This PPO agent is, unfortunately, unable to clear the pipe at the 595 X value. This fairs about as well as the random agent, and not as good as the heuristic agent. Given more timesteps, the agent could learn how to get farther, however let us try to create better reflexive learning agent using the Q learning algorithm.

## Q-Learning Agent

Now, let us create our own Q-Learning agent. This is the meat of this project, so get ready to strap in. A huge thank you to Sourish Kundu, who made a video on how to do exactly this with some great explanations (Kundo, 2023). If you have a chance, I highly recommend giving it a watch, even if you are not working with this gym environment, as it gives some great explanations of general concepts we have been discussing in class.

https://www.youtube.com/watch?v=_gmQZToTMac

We can begin by creating our own environment wrapper to skip four frames. Additionally, we will reduce the frame resolution, convert the frames to grayscale, and stack four frames. This will assist in reducing the complexity of the environment.

In [82]:
import numpy as np
from gym import Wrapper
from gym.wrappers import GrayScaleObservation, ResizeObservation, FrameStack

class SkipFrame(Wrapper):
    def __init__(self, env, skip):
        super().__init__(env)
        self.skip = skip
    
    def step(self, action):
        # create a reward accumulator
        reward_accum = 0.0
        done = False
        for _ in range(self.skip):
            next_state, reward, done, info = self.env.step(action)
            # add reward to accumulator
            reward_accum += reward
            if done:
                break
        return next_state, reward_accum, done, info
    
    '''
    def reset(self):
        state = self.env.reset()
        print(state)
        # Assuming we want to stack 'skip' frames
        state = [state] * self.skip
        state = np.stack(state, axis=0)
        return state
    '''

def apply_wrappers(env):
    env = SkipFrame(env, skip=4) # skip every four frames
    env = ResizeObservation(env, shape=84) # reduce size of frame image
    env = GrayScaleObservation(env) # create grayscale images
    env = FrameStack(env, num_stack=4, lz4_compress=True) # stack frames (4 skipped)
    return env

Next, we will create our own neural network agent using convolution layers and linear layers. We are using Conv2d layers with Relu activation functions, as these are typically appropriate for images (as I learned from HW5). Using MaxPool2d will reduce spatial dimensions and lower computational cost, which will hopefully lower the processing time for our algorithm.

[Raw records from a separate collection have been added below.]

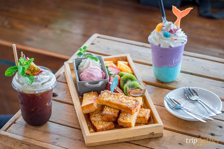 ใครข้ามไปเที่ยวเกาะล้าน ห้ามพลาดร้านนี้เด็ดขาด แฟต ซับมารีน คาเฟ่ (Fat Submarine Cafe) คาเฟ่ชลบุรี ริมทะเล ฟีลมินิมอลที่ตั้งอยู่ใกล้ตลาดหน้าวัด เดินทางง่ายมาก ภายในร้านตกแต่งด้วยไม้และโทนสีสดใส ถ่ายรูปออกมาแล้วได้ฟีลสบายๆ ชิลล์ๆ ไวบ์ทะเลจ๋าแบบสุดๆ สำหรับเมนูเด็ดที่ต้องลองเลยก็คือ ข้าวกุ้งผัดพริกเกลือ ข้าวขยุ้มปลาทูและไข่เจียว French Toast Submarine Signature Coffee บอกเลยว่าอร่อยเด็ด แถมตกแต่งสวยทุกเมนู
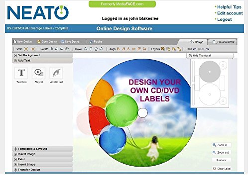FREE DESIGN SOFTWARE WITH ALL LABELS: Get a registration code complimentary with any purchase of labels or inserts. This software will help you design Neato Labels, Cell Phone Skins, Inserts, Beer Labels, and Wine Labels. It comes with templates for Avery, CD, Stomper, and Memorex discs labels, as well. Simple and fun to use, you’ll never use another labeling software again.
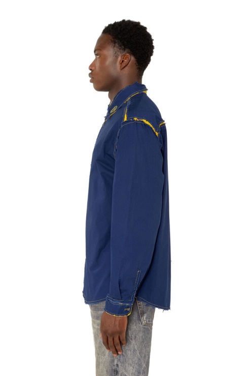 Un Style Délavé, Cette Chemise Pour Hommes Est Coupée Pour Une Coupe Régulière à Partir De Deux Couches Contrastées De Popeline De Coton Biologique. La Construction En Tissu Double Et La Touche De Couleur Sont Révélées Par L'effilochage Le Long Des Bords Et Des Coutures. Fini Avec Un Logo Cousu Sur Le Col.
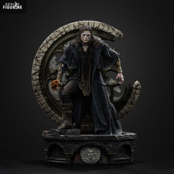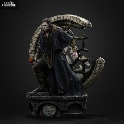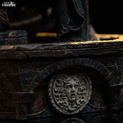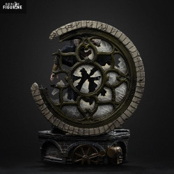 L’arrière-plan est dominé par une arche en ruine en forme de croissant, sculptée de symboles et d’engrenages, donnant à la scène une aura de mystère ancien. Le socle est richement texturé, orné d’un blason central et de motifs architecturaux typiques des univers fantastiques chers à Del Toro.
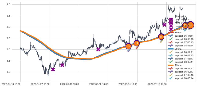 上涨趋势04-13 13:00-08-05 13:00,均线89, 90, 95确认关键支撑4处
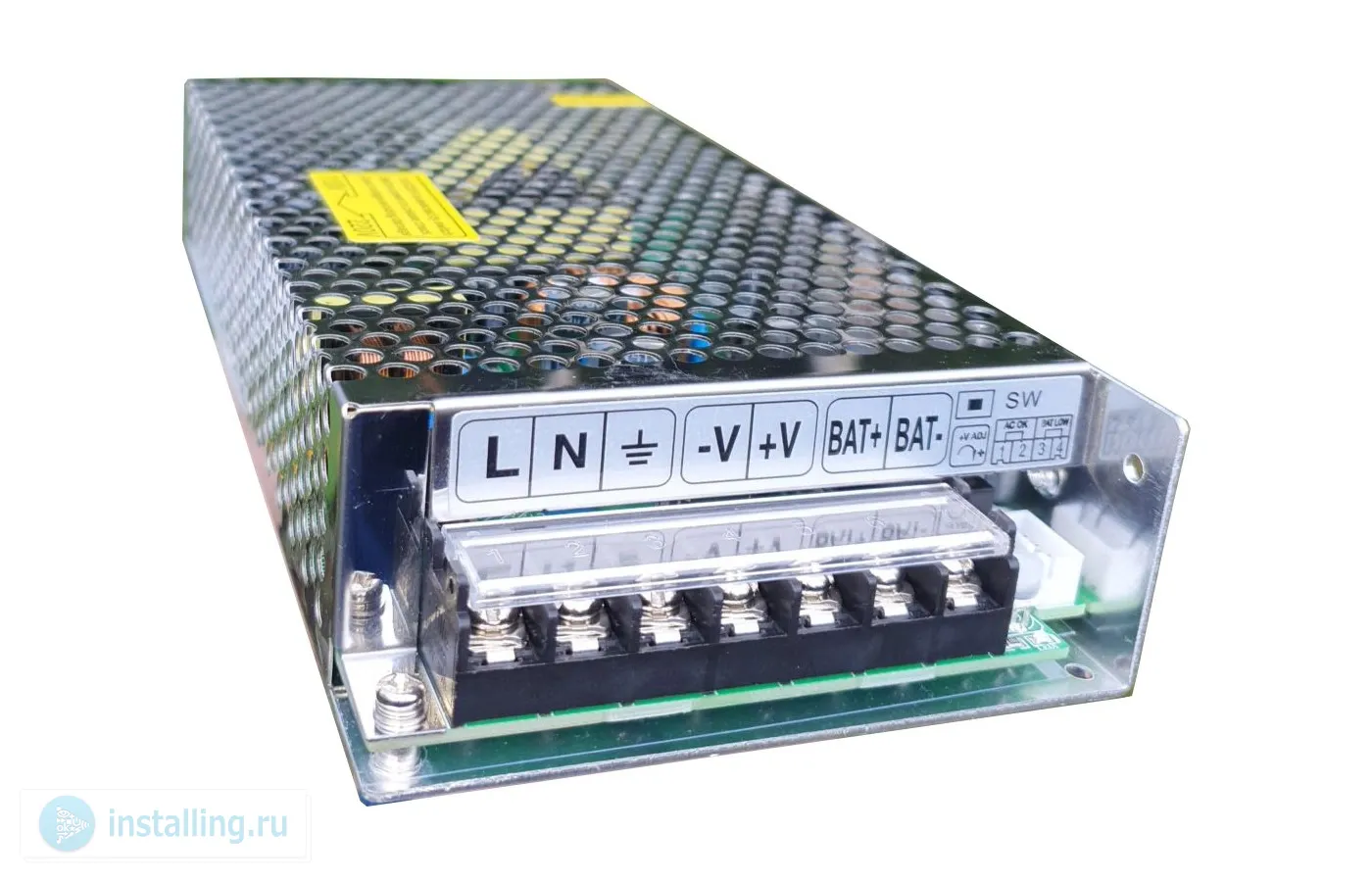 С креплением на DIN рейку; U-вх.90…130/180…264 В (переключаемое), U-вых.48…56 В (регулируемое), I-нагр.3 А; под четыре аккумулятора 12 В 7... 17 А·ч; защита от КЗ, перегрузки, перенапряжения и защита от глубокого разряда АКБ; t-раб.-20…+60°С; 199x98x38 мм.
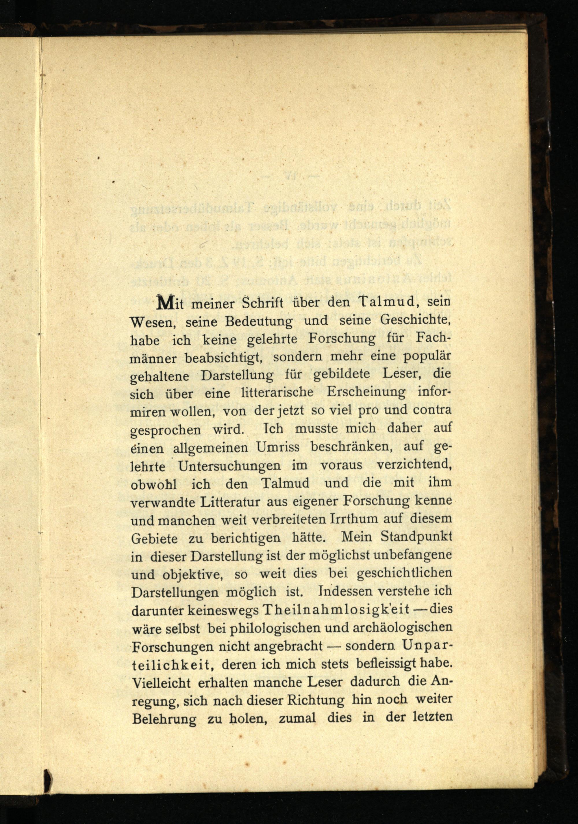 Mit meiner Schrift über den Talmud, sein Wesen, seine Bedeutung und seine Geschichte, habe ich keine gelehrte Forschung für Fachmänner beabsichtigt, sondern mehr eine populär gehaltene Darstellung für gebildete Leser, die sich über eine litterarische Erscheinung infor- miren wollen, von der jetzt so viel pro und contra gesprochen wird. Ich musste mich daher auf einen allgemeinen Umriss beschränken, auf gelehrte Untersuchungen im voraus verzichtend, obwohl ich den Talmud und die mit ihm verwandte Litteratur aus eigener Forschung kenne und manchen weit verbreiteten Irrthum auf diesem Gebiete zu berichtigen hätte. Mein Standpunkt in dieser Darstellung ist der möglichst unbefangene und objektive, so weit dies bei geschichtlichen Darstellungen möglich ist. Indessen verstehe ich darunter keineswegs Theilnahmlosigkeit —dies wäre selbst bei philologischen und archäologischen Forschungen nicht angebracht — sondern Unparteilichkeit, deren ich mich stets befleissigt habe. Vielleicht erhalten manche Leser dadurch die Anregung, sich nach dieser Richtung hin noch weiter Belehrung zu holen, zumal dies in der letzten

Additional methods are used to dynamically evaluate the input shape for our initial linear layer (`_get_conv_out`), prevent pytorch from updating the gradients if frozen (`_freeze`), and tell pytorch how to handle the forward pass for each tensor (`forward`).

In [83]:
import torch
from torch import nn
import numpy as np

class AgentNN(nn.Module):
    def __init__(self, input_shape, n_actions, freeze=False):
        super().__init__()
        # Conolutional layers
        self.conv_layers = nn.Sequential(
            nn.Conv2d(input_shape[0], 32, kernel_size=5, stride=2),
            nn.ReLU(),
            nn.MaxPool2d(kernel_size=2, stride=2),
            
            nn.Conv2d(32, 64, kernel_size=3, stride=1),
            nn.ReLU(),
            nn.MaxPool2d(kernel_size=2, stride=2),
        )

        # use built-in method to get the dimensional input size for initial linear layer
        conv_out_size = self._get_conv_out(input_shape)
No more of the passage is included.